Корсунский шагнул вперед.
— Меня зовут Александр Артурович Корсунский, банк «Аскольд», отрекомендовался он, одновременно доставая из кармана визитки и двумя руками ловко вручая их темполовцу и патрульному. — Насколько я понимаю, все дело в том, что этот гражданин не может оплатить поездку дальше определенного пункта?
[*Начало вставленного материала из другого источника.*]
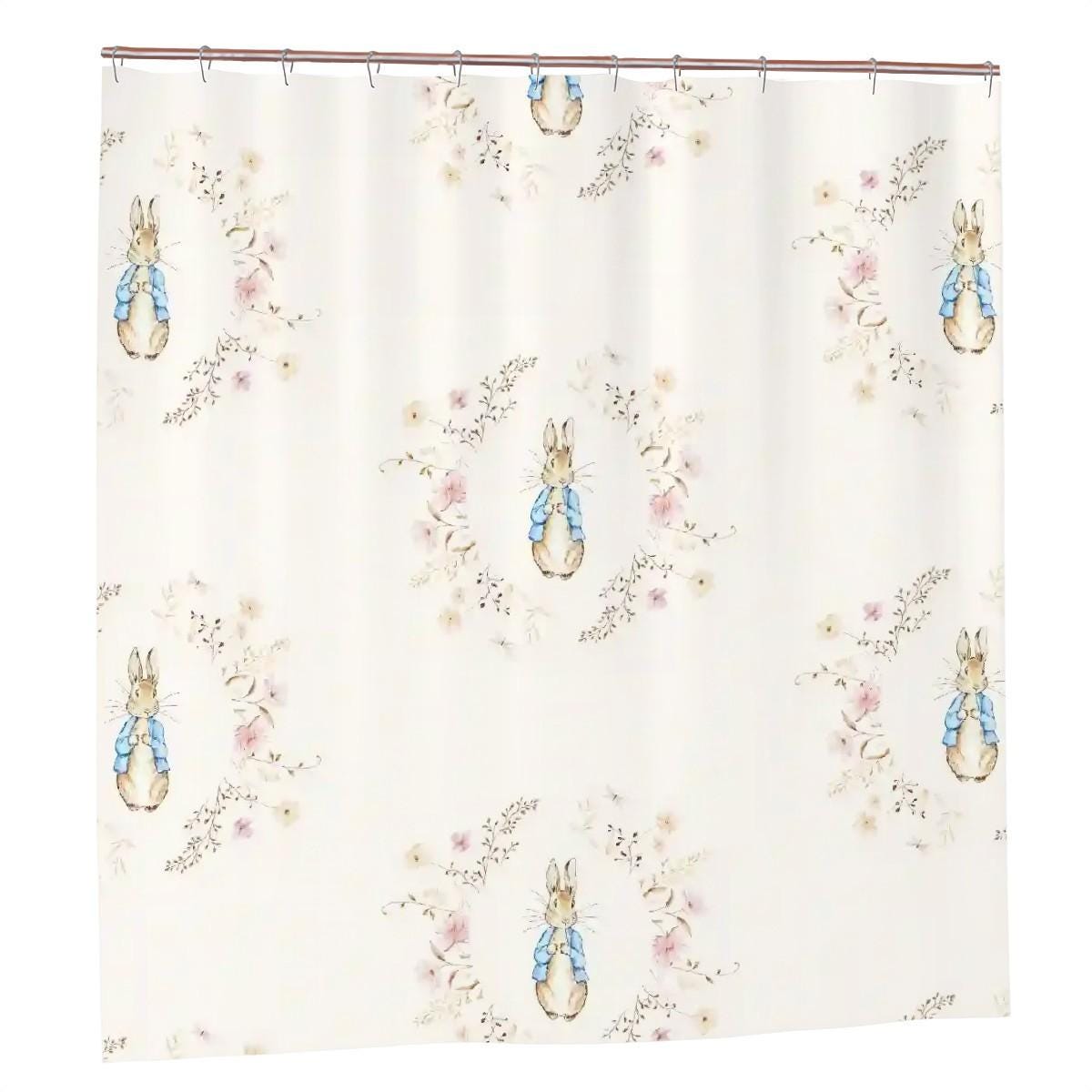 Peter Rabbit Shower Curtain – Vintage Floral Bathroom Decor for Kids, Baby, or Toddler Room

Яненко было обрадовался — все теоретически должно было свестись к оплате проезда, а это деньги небольшие. И он уже представил себе информацию, которую можно разместить в газетах: известный банк «Аскольд» покровительствует науке и финансирует экспедицию.
— Можно сказать и так, — согласился патрульный. — А можно сказать иначе — до определенно-то пункта он может, куда везет общественный транспорт ну, омнибусы. Скажем, до восемнадцать-пятьдесят. А глубже, уже на восемнадцать-сорок, обычному человеку делать нечего, на эти расстояния спроса не имеется, и туда можно попасть только личным транспортом, которого у него нет, и нанять он тоже не в состоянии. Вот эти историки и безобразничают.
— Нас вынуждает политика государства! — заявил юродивый профессор.